На Дон отправлен был боярин Троекуров с двумя царевыми стольниками с тайными наказами и грамотой царя: совокупно с казаками гетмана Хмельницкого зорко оберегать устье Дона, дабы от Азова никакого нападения султанских янычаров быть не могло, и следить за всем людом торговым или посольским, какой через донские города захочет идти на Азов и в турецкую землю. А в случае приказа гетмана Хмельницкого донскому атаману оному подчиниться и выступить в поход морем на турецкие крепости и города. Но об этом надлежало ведать только войсковому атаману Медведеву, и никому больше.
На Белую Русь должны были направиться посланцы гетмана Хмельницкого с его универсалами к поспольству, чтобы вставали против шляхты и отворяли крепостные ворота войску царскому и казацкому, идущему освобождать их от ляшского ярма.

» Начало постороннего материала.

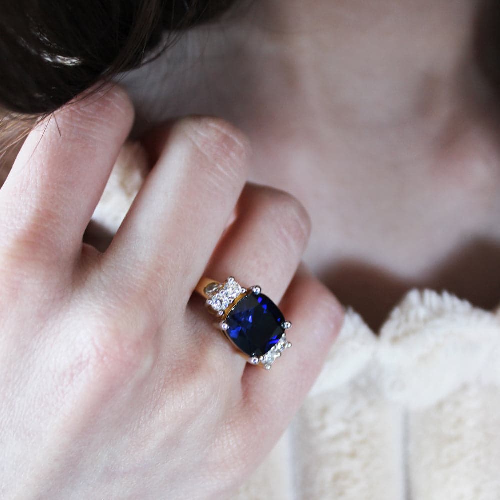 As a luxury accessory you’re sure to love, the Tru Sapphire Perfection Ring brings a striking focal point to any outfit. This striking ring is set with a 5.62 carat Tru Sapphire, flanked by ice white Tru-Diamonds™ and generously clad for the most luxurious fine-jewellery finish. Enjoy a flood of compliments when wearing this ring to any special event.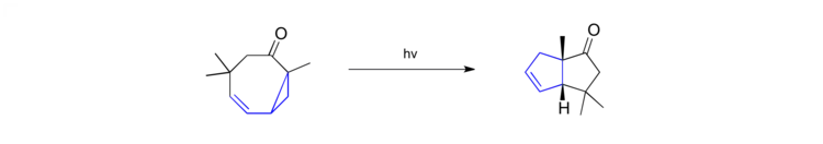 Vinylcyclopropane rearrangements can also be mediated photochemically.[33][34] In a particularly intriguing example he was able to show that vinylcyclopropanes embedded within a cyclooctane core can be converted to the corresponding [5-5]-fused ring systems.

Голова московских стрельцов Артамон Матвеев был весьма доволен. Теперь не с голыми руками выступили в поход. Теперь войско в полном снаряжении. Наконец Русь поднялась, чтобы возместить причиненный ей ущерб. Великая и Малая Русь — это позначительнее, чем какое-нибудь там Казанское или Астраханское царство. Пожалуй, защекотало в носу не только у короля Яна-Казимира, чихнулось и султану, и у королевы шведской в голове помутилось. Думалось Артамону Матвееву: «Вот когда укрепимся на Малой Руси, когда отвоюем Смоленск с вотчинами, южные рубежи укрепим, тогда и на север пойдем. Возвратим и Ямбург, и Орешек, и многие иные города, и земли наши, кои под шведами теперь».
Так рассуждая, мысленно отвечал Матвеев боярину Ордын-Нащокину, который когда-то считал: прежде нужно отвоевать свои земли на севере, а потом уже двигаться на юг. Чудак! Как можно идти на север, когда Смоленск к двух днях конного пути от Москвы! А в Смоленске войско польское стоит…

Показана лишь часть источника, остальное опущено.